Railway Bells

I've had a very interesting and pleasurable afternoon with two lovely women from Visit Essex. They posted on Twitter asking for someone to take pics for their Top Of The World in Essex campaign. I volunteered and first we captured images from the top floor of Brentwood Town Hall. That was a revelation. The place was built in the 1950s and is soon to be refurbished. The top floor hasn't been used for years and is a proper time warp. 

From there to the beautiful 16th century Ingatestone Hall where I met the amiable Lord Petre who escorted us onto the roof of the tower which has wonderful views over the Essex countryside.

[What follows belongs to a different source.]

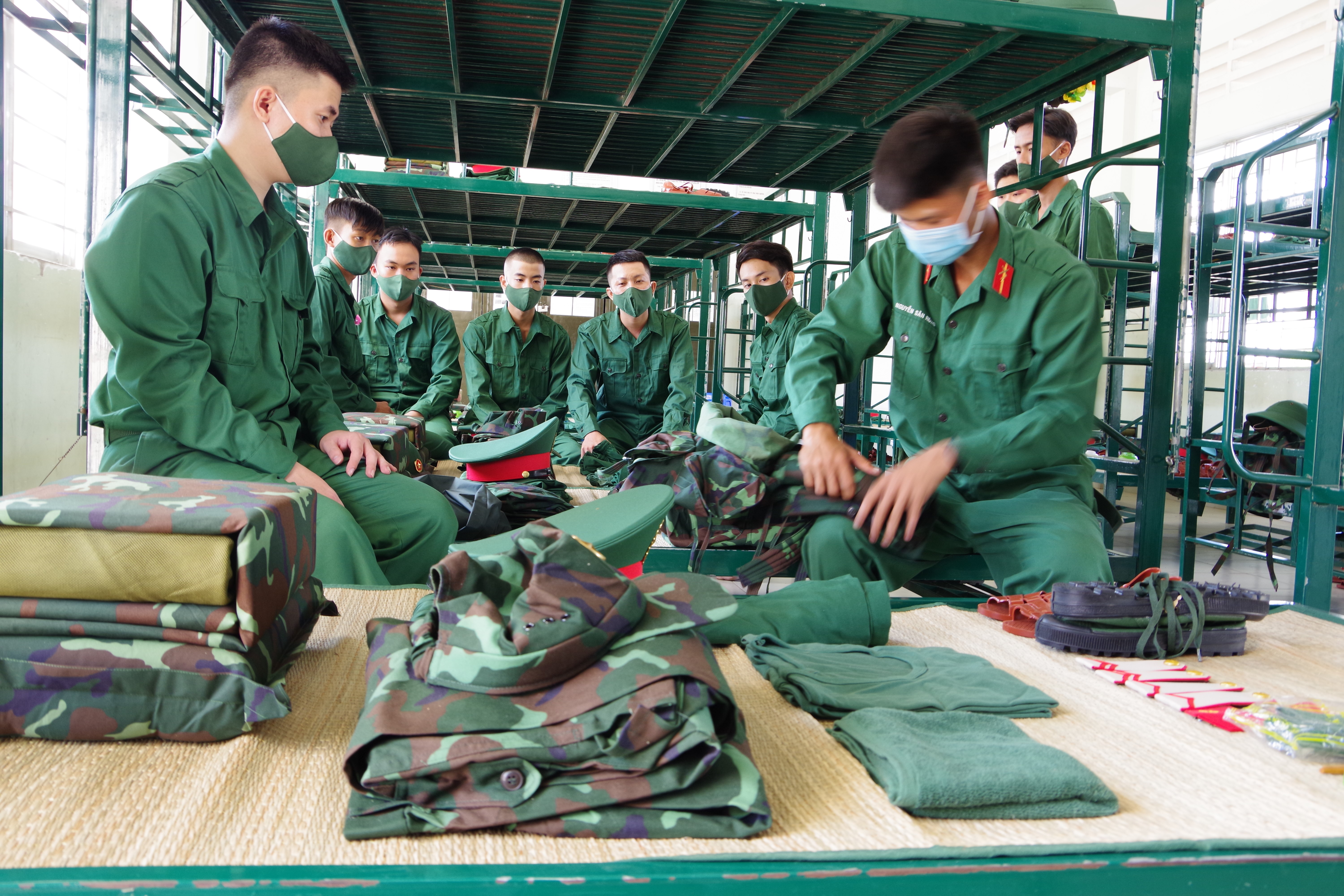 Tiểu đội trưởng hướng dẫn chiến sĩ mới sắp xếp quân tư trang khi vừa bước vào đơn vị.

As I was taking pics for Visit Essex I am not going to post any of those images here. The only snap I got outside my brief was through the car windscreen as we waited at the level crossing at Ingatestone station. There was a row of bells strung between striped poles either side of the tracks. I can't find any information about them.

PS I have just discovered that they are to help farmers transport equipment and herds of cattle over the railway crossing safely. The height of the bells is the same height as the powered overhead cables on the railway line.  If the farmer’s kit makes the bells ring as he goes underneath then this warns him that his equipment is too tall to cross the line safely.

Today's poem is Ode on Solitude by Alexander Pope. https://www.poetryfoundation.org/poems-and-poets/poems/detail/46561

Amazing that this was written when AP was only twelve years old. I'm very content to breathe my native air in my own ground.